I've spent a lot of time in the last couple of weeks in front of my TV drinking in the thrills and spills of the Winter Olympics. I loved it all but am unlikely to emulate the teeniest, weeniest Olympic manouevre when I get onto the slopes in Austria next month.
One of the events I enjoyed most was the figure skating and coincidentally or not the film I, Tonya which deals with the notorious attack on an American skater to prevent her taking part in the Lillehammer games in 1994 was showing at the Cameo. Tonya Harding was banned from competitive skating for life because of her involvement. The film paints a picture of Harding's upbringing by an unloving, fiercely pushy mother and her physically abusive marriage which inspires a great deal of sympathy for her, or it did in this spectator.
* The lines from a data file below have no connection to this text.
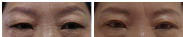
Figure 2 A 57-year-old woman, preoperation and 6mo postoperatively.
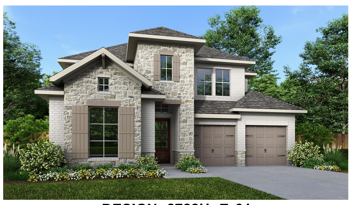
DESIGN 2722H E-31
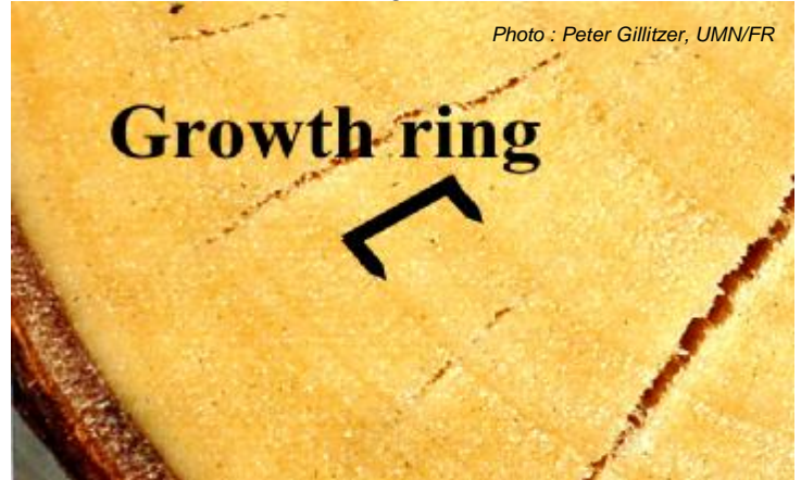
Figure 5: Group examples- maple (including boxelder), birch, some poplars, basswood (a.k.a. linden), ironwood, buckeye, and black cherry

Diffuse Porous. Within an annual growth ring, springwood and summerwood are not distinctly different. Wood within an annual ring looks uniform.
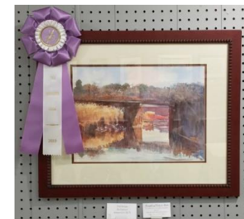
Principles of Value & Color Sis Denson – Fall Bridge (watercolor)
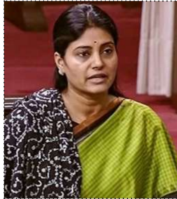
Minister of State for Commerce Anupriya Patel

Country and product-specific action plans have also been formulated to promote exports. The Government is also in the process to utilize the
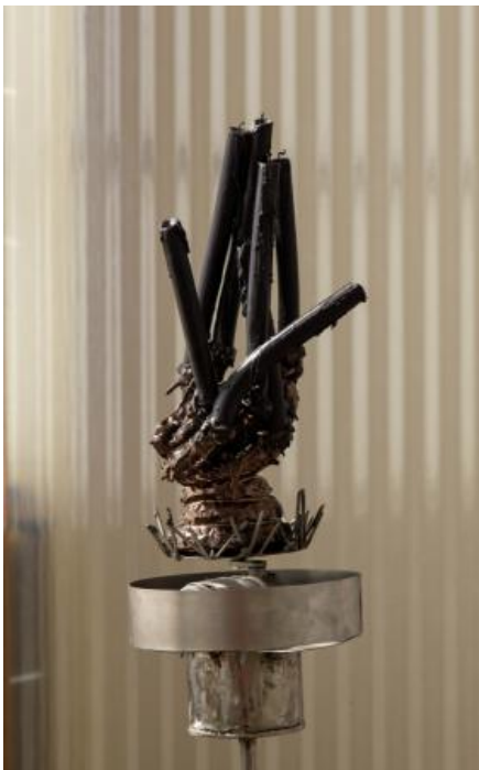
Spinning candle holder, 2022 Metal stand, windshield wiper motor, ceramic sculpture, wax candles
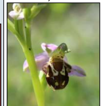
A bee orchid
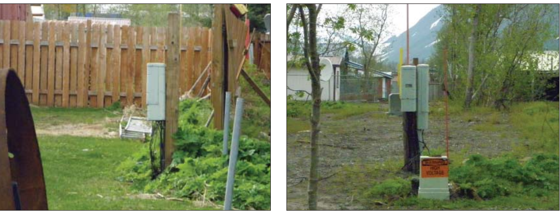
Above, two CVEA rights of way (ROW); the left has many objects in the ROW and might impede quick response if access is needed, the one on the right has been cleared as part of the ROW maintenance program
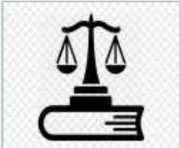
School of Law
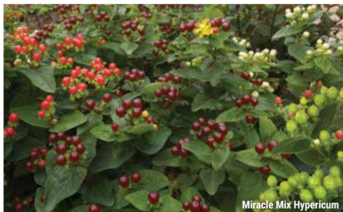
Miracle Mix Hypericum

I've seen more films recently in a bid to maximise the benefits of my Cameo membership before it runs out. They are asking what seems to me too much for renewal this year. One was another abrasive mother daughter relationship, fictional this time, entertainingly told in Ladybird complete with happy ending. While in Three Billboards outside Ebbing Missouri the daughter is already dead and the black comedy is the tale of how the mother tries to force the cops to get off their butts and find her killer. It's very funny.
I wasn't so keen on Phantom Thread, despite it being lauded by the critics. While it's very beautiful and well acted and all that it was a bit dull.
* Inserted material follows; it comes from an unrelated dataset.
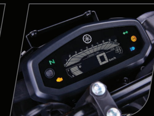
NEGATIVE LCD DISPLAY
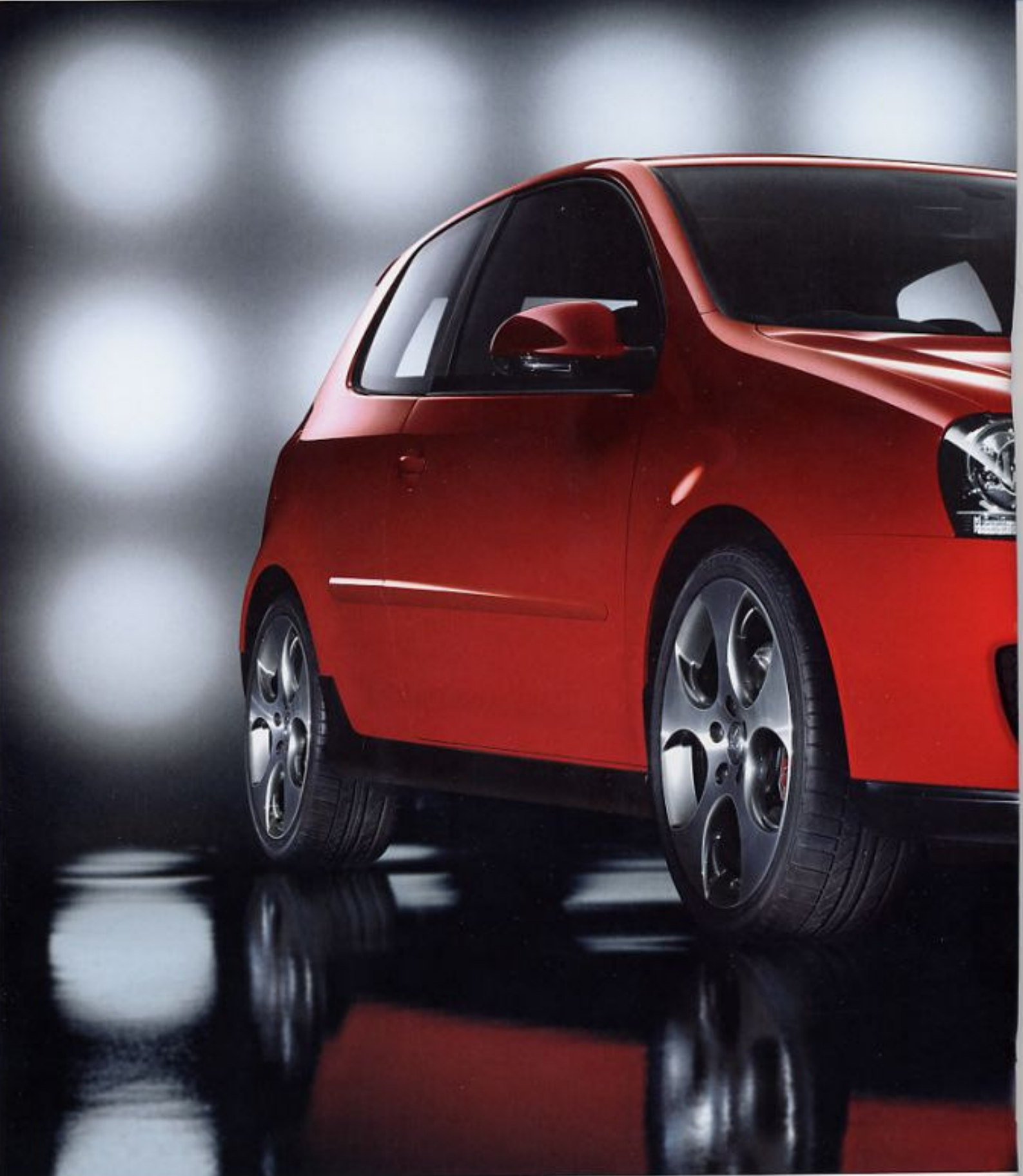
The new Golf GTI with optional 18" 'Monza II' alloy wheels and Xenon headlights.

The Grads had a couple of shows in the SCDA one-act competition this month and I managed to see them both and enjoyed them both and they came first and third which must be the best result we've had for some time. I'm in the Grads production of Macbeth which is now in rehearsal though so far it's been focussed on jaw, jaw, jaw Luckily I missed the session in which we were asked to associate a song with our character (in my case characters since I'm two) and blether about various other odds and sods. I'm all for getting on with the action and drawing out character and relationships and meaning in the process.
That's on in May. One of our Fringe shows will be a new play called Skirt written by Claire and it had its first airing at a readthrough last week. She's tried quite successfully to pack a multitude of what we might loosely describe as women's issues into a piece intended to run for an hour and twenty minutes. Men do get a look in with some nice parts.